Дважды или трижды меня приглашали работать на подобных проектах.
Я отвечал нецензурно, и от меня постепенно отстали. Работы хватало. Как оказалось, наша маленькая команда, в которую я взял талантливых «тридешников», имела большой успех почему-то именно в Китае. И мы креативили небольшие анимационные ленты. А я, от нечего делать, учил по вечерам китайский. И, как мог, развлекал мать.
…Она сдала внезапно.
Стояла у плиты, разговаривала с соседкой, которая, к счастью, зашла к ней, и в какой-то момент осела на пол.
Когда такое случается, жизнь раскалывается. Моя, и без того расколотая пополам, сузилась до четверти…
Полгода ушло на борьбу за ее жизнь. Левая часть тела была парализована, речь не восстанавливалась. Ни я, ни она не могли с этим смириться.

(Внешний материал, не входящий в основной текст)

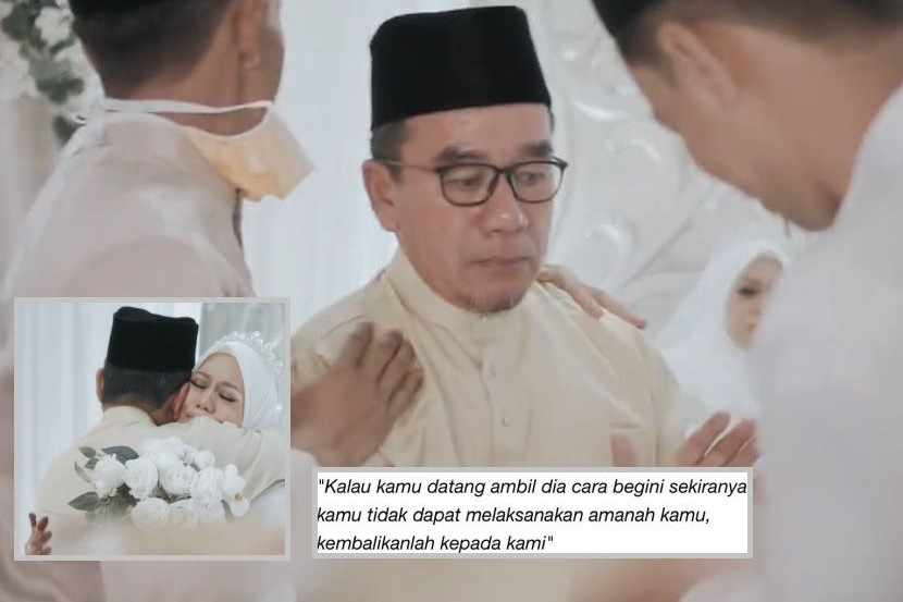 MOMEN spontan yang dirakam ternyata lahir dari hati ikhlas apabila kata-kata penuh indah dan bermakna diluahkan sehingga berjaya meruntun hati netizen. Itulah hari yang pastinya tidak akan dilupakan seorang bapa apabila terpaksa melepaskan anak perempuan kesayangannya kepada jejaka pilihan hati anaknya. Menerusi video berdurasi 44 saat yang tular di media sosial, seorang bapa dilihat memberi pesanan penuh menyentuh hati kepada pengantin lelaki.ARTIKEL BERKAITAN: ‘Jodoh’ datang nak tolong, boleh pula gadis ni lari masuk kereta... temperature turun, pasangan ini naik pelamin! - “Kisah cinta kami memang real”ARTIKEL BERKAITAN: Isteri bagi lesung batu, suami balas periuk 5 tingkat! Pengantin tak malu berbalas hantaran sempoi - “Senang tak payah ada dulang bagai” Dia berpesan agar menantunya itu menjaga anak perempuannya dengan penuh kasih sayang. Awanis selamat disatukan dengan jejaka pilihan hatinya. "Saya serahkan anak saya kepada kamu, saya serahkan amanah saya. Kamu jaga amanah saya sebagaimana saya menjaga dia. "Kalau kamu datang ambil dia cara begini sekiranya kamu tidak dapat melaksanakan amanah kamu, kembalikanlah kepada kami," demikian kata si bapa, seolah-olah merayu agar menantunya itu menjaga anak perempuannya dengan baik. Bercerita kepada mStar, pengantin perempuan Awanis Abdul Rahman, 30, terkejut apabila video pada hari pernikahannya dengan suami, Safwan Zakwan Zulkipli, 30, pada 20 Jun lalu tiba-tiba menjadi tular. "Video ni pada mulanya viral di Twitter tapi saya tak ada Twitter. Saya dapat tahu pun dari kawan-kawan yang tag dekat Instagram dan Facebook. "Memang kami sekeluarga terkejut sebab video ni tiba-tiba viral. Sebenarnya saya dan suami selamat diijabkabulkan pada 20 Jun lalu," katanya. Gambar kenangan bersama ibu bapa masing-masing. Mengimbau kembali momen itu, anak sulung lima beradik ini mengakui turut sebak dengan kata-kata bapanya, Abd Rahman Abd Latip, 62. "Masa tu saya dapat dengar dengan jelas. Sebak, sedih semua ada. Saya tak sangka ayah akan cakap macam tu selepas selesai majlis nikah. Kalau kamu datang ambil dia cara begini sekiranya kamu tidak dapat melaksanakan amanah kamu, kembalikanlah kepada kami. ABD RAHMAN ABD LATIP Bapa "Hubungan saya dan keluarga terutama sekali ayah amat rapat. Mungkin dia sebak sebab kali pertama lepaskan anak perempuan pada orang lain. "Lagipun ini majlis pertama yang dibuat di rumah dan pernikahan anak perempuan sulung dalam keluarga," katanya yang bekerja sebagai juruukur bahan. Dalam pada itu, Awanis turut menyifatkan insan disayanginya itu sebagai seorang yang tegas dan bertanggungjawab. Abd Rahman gagal menahan sebak selepas anak perempuan sulungnya bergelar isteri kepada jejaka pilihan hatinya. "Ayah seorang yang bertanggungjawab sepanjang membesarkan kami lima beradik. Dia juga jadi tempat rujukan saya untuk pelajaran, karier dan jodoh. "Dia juga amat tegas dalam mendidik anak-anak. Kami memang diajar untuk makan semeja sebab abah kata apa-apa family first," katanya. Tambah Awanis, dia dan suaminya sepatutnya disatukan pada 4 April lalu tetapi majlis terpaksa ditangguhkan akibat Perintah Kawalan Pergerakan (PKP). Nak macam-macam info? Join grup Telegram mStar! View this post on Instagram Kasih seorang ayah... pesanan yang cukup meruntun hati. Pasti sukar untuk melepaskan anak perempuan kesayangan yang dijaga dengan penuh kasih sayang selama ini Kredit video @kretpictures #mstaronline #mstar15tahun #mstarSS A post shared by mStar (@mstaronlineofficial) on Oct 31, 2020 at 6:44pm PDT

Ежедневно я занимался с ней различными физическими упражнениями и даже научил сидеть.
Но боялся оставлять одну, ведь она, как правило, рвалась к любой работе и невероятно страдала, выдавливая из себя непонятные звуки.

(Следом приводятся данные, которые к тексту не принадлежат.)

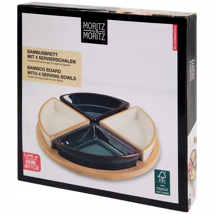 Эта бамбуковая сервировочная доска Moritz & Moritz с 4 контейнерами, пригодными для использования в микроволновой печи, обязательно пригодится на вашей кухне. Идеально подходит для подачи как горячих, так и холодных тапас, а также орехов, оливок, соусов и других закусок. Идеальное решение для вечера с друзьями, романтического ужина или просто побаловать себя чем-нибудь вкусненьким.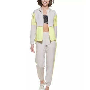 CALVIN KLEIN Performance colorblocked joggers In Light Grey/neon Green. Size MED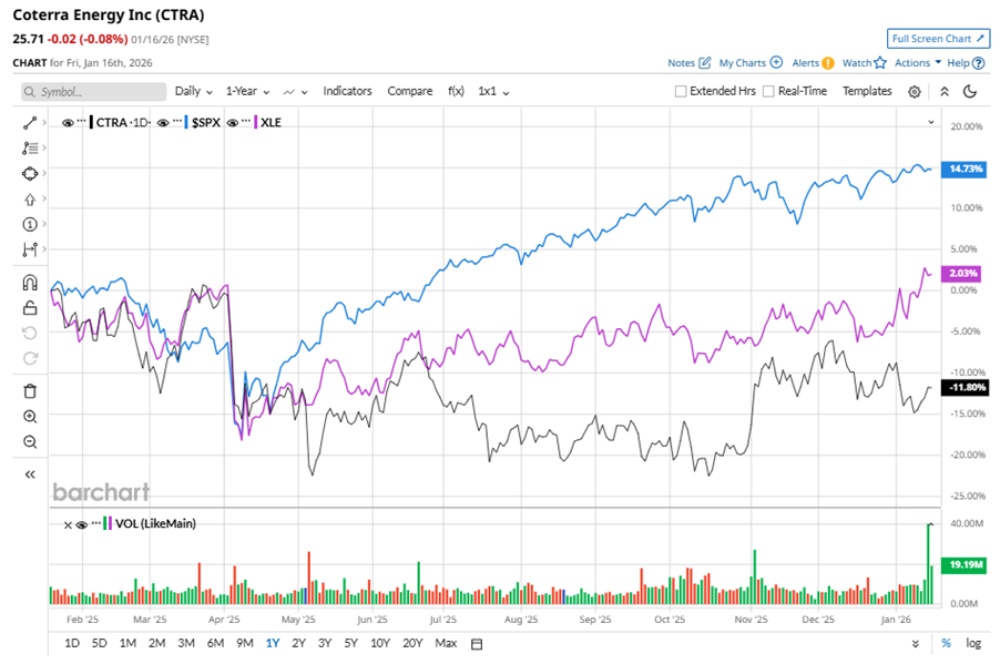 CTRA stock has underperformed the S&P 500 Index’s ($SPX) 16.9% gains over the past 52 weeks, with shares down 13.8% during this period. Similarly, it underperformed the Energy Select Sector SPDR Fund’s (XLE) 2.3% gains over the same time frame.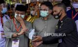 Bakal calon Bupati Bandung Dadang Supriatna (kiri) bersama bakal calon Wakil Bupati Sahrul Gunawan (tengah) tiba untuk menyerahkan berkas pendaftaran calon Bupati dan Wakil Bupati di Kantor KPU Kabupaten Bandung, Soreang, Kabupaten Bandung, Jumat (4/9). Komisi Pemilihan Umum (KPU) Kabupaten Bandung mulai membuka pendaftaran calon Bupati dan Wakil Bupati Bandung Pilkada Serentak 2020 hingga 6 September 2020. Foto: Abdan Syakura/Republika (FOTO : ABDAN SYAKURA/REPUBLIKA)

Мне посоветовали обратиться к врачам-дефектологам.
Таким образом, по рекомендации одной своей бывшей студентки, Лины, я познакомился с Мариной.
Она согласилась поработать с матерью в частном порядке.
Приходила каждый вечер, закрывала перед моим носом дверь в спальню — и в течение двух часов через них я слышал, как та, которая научила меня первым словам, теперь сама пытается произнести свое первое: Де-нис…
* * *
…Вечером мы с Елизаветой Тенецкой сели в поезд.
С нами в купе ехала только одна женщина.
Она сразу достала из пакета жареную курицу и испуганно посмотрела на нас — не возражаем ли против аромата, который сразу заполнил все пространство купе.
Мы не возражали.
В старых потертых джинсах и такой же куртке Елизавета выглядела мальчишкой.
Как все же со временем меняется представление о возрасте!
Скажем, в сорок три моя мать выглядела, как и положено матери семейства, — монументально. Носила высокую прическу, юбки и блузки, что, на ее взгляд, «соответствовало возрасту», имела озабоченный вид и любила ссорить молодежь.
Сейчас же женщины в свои сорок «с хвостиком» могли бы сойти за тридцатилетних.
Лиза же в своей вымученной худобе и полумраке купе вообще напоминала подростка-сироту, которого стоит подкормить. Разве что, когда говорила, вокруг глаз и губ появлялось легкое кружево мимических морщин. Однако говорила она нечасто.
Несколько раз, осматривая нас, отзывчивая соседка предлагала присоединиться к курице или хотя бы к разговору, отчего мы быстро передислоцировались в вагон-ресторан.
Сначала разговор шел туго. А возвращаться к уже выясненному, тем более прибегать к каким-то воспоминаниям — казалось нам бессмысленным расходованием нервов.
Елизавета вежливо поинтересовалась, чем я занимаюсь сейчас.